Yes. I have adopted 2 cats (age 9 and 3). and my own Lucky Dog, a 2 year old JRT. We also usually play guardian to a Lucky foster dog (or as Ollie tends to think, a live-in playmate for him:)). Our current foster, a super sweet but slightly shy Dachsund/Shepherd mix, has been with us for a little over 2 months now.
7) How did you hear about The Pretty Chic with the Pits, LLC?
Thanks to Kelli's invitation to participate in the first Pits & Pumps event, which we are so grateful for and excited about!
8) What do you expect to come out of Pits & Pumps?

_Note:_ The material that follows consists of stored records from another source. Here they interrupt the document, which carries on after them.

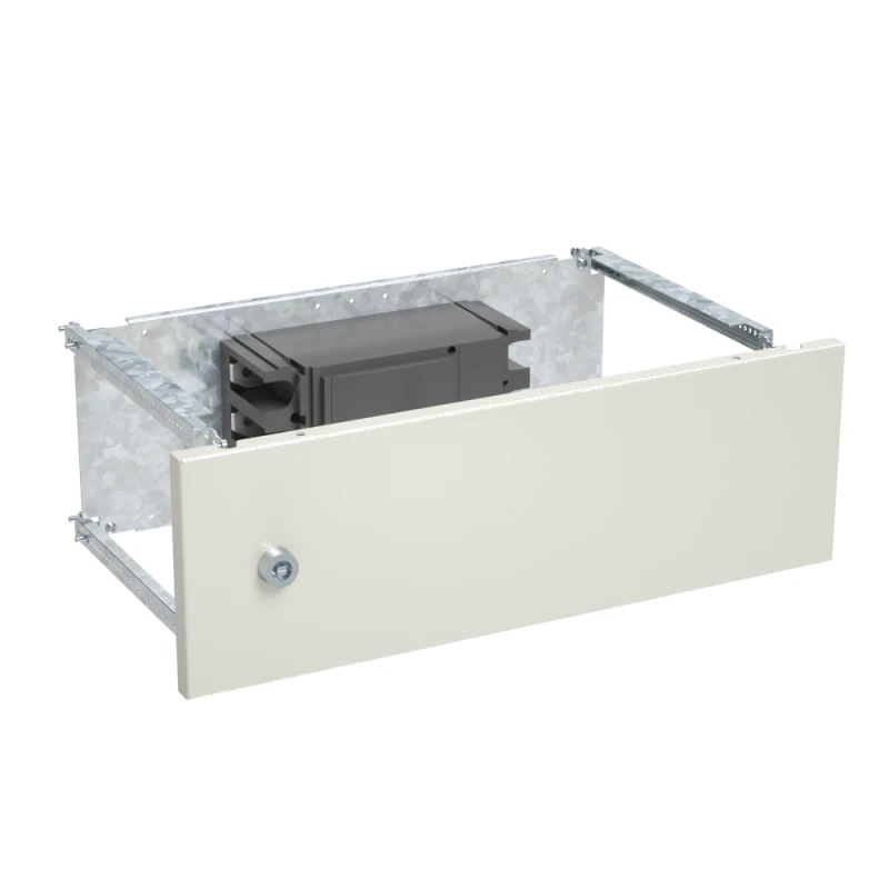 Состоит из внешней двери с замками под ключ с двойной бородкой, монтажной панели, 4 установочных профилей с кронштейнами, монтажных аксессуаров. Функциональный блок - это совокупность специальных аксессуаров для установки аппарата и его подключения. Функциональные блоки упрощают монтаж аппаратов и сокращают время сборки НКУ. Ассортимент OptiBox M включает в себя специальные комплекты функциональных блоков, состоящие из монтажных плат для монтажа автоматических выключателей и фронтальных панелей с вырезами под соответствующее устройство. Монтажные платы имеют необходимые установочные отверстия для каждого типа аппаратов в зависимости от способа их установки. Комплекты для организации функциональных блоков в конструктиве шкафов OptiBox M позволяют устанавливать следующие автоматические выключатели: OptiMat A, OptiMat D, OptiMat E.
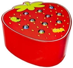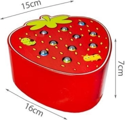 Zabavna lesena igra v obliki slastne jagode razvija fino motoriko in zbranost. Otroci s pomočjo magnetne palčke izvlečejo in vstavljajo črve v odprtine. Igra je iz varnih materialov in ima žive barve, ki otroke spodbujajo k igri in učenju. Odlična izbira za razvoj koordinacije oko–roka, ustvarjalnosti in potrpežljivosti.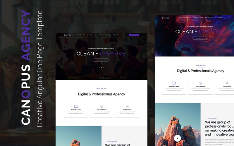 This template is designed for creative professionals, agencies, and businesses who need a straightforward yet effective online presence. Built with Angular 17 and Bootstrap 5, it provides a solid foundation for a one page website that works well across all devices. The layout is clean and organized, making it easy for visitors to find what they need without unnecessary distractions. Whether you're showcasing your portfolio, services, or team, Canopus combines aesthetics with high performance.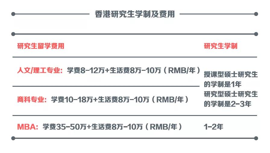 下图为香港研究生学制及费用: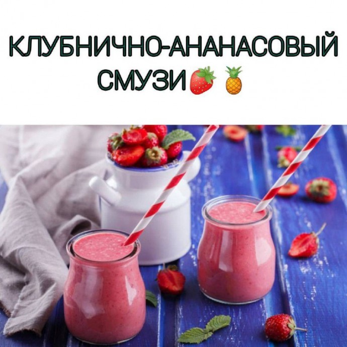 Клубнично-ананасовый смузи ИНГРЕДИЕНТЫ:150 г клубники 100 г ананаса 70 г шпината ⠀ СПОСОБ ПРИГОТОВЛЕНИЯ: Положите все ингредиенты в чашу блендера Взбейте все до однородной массы Ваш смузи готов! Приятного аппетита!

My hope is that people will walk away more educated, and therefore more accepting, about bully breeds. Lucky Dog works to adopt out all breeds of dogs, and we do face challenges with these guys because of county laws related to Breed Specific Legislation (BSL), housing restrictions about specific breeds, and a general unfair stigma that is attached to them. I had fostered a rottie/lab mix a couple months back, and people we encountered on walks were visibly uncomfortable to come near us, simply because of her looks. What they didn't realize was that she was a giant lap dog, and completely friendly to adults, kids, and dogs. Once people saw her in action at the dog park, or in her interactions with my nieces and nephew, their perception changed pretty quickly.
It kind of blows my mind that people are willing to assume that banning breeds solves a problem that really lies in irresponsible pet ownership (or in its worst form, abuse and neglect). And really, strong and energetic dogs like these guys aren't for everyone. But Chihuahuas, Border Collies, Australian Shepherds, and Jack Russell Terriers also aren't for everyone, and you'd be hard pressed to find breed specific laws against any of them.
We do careful additional screening with adopters interested in our bullies and rotties to explain the extra responsibility that comes with adopting one, and to instill a sense understanding about how important it is to be an extra good dog-owner so our adopted bullies can be ambassadors for the breed. It's really only a small portion of the battle, but I hope continued educational efforts in events like this help keep us on the right track in making forward progress.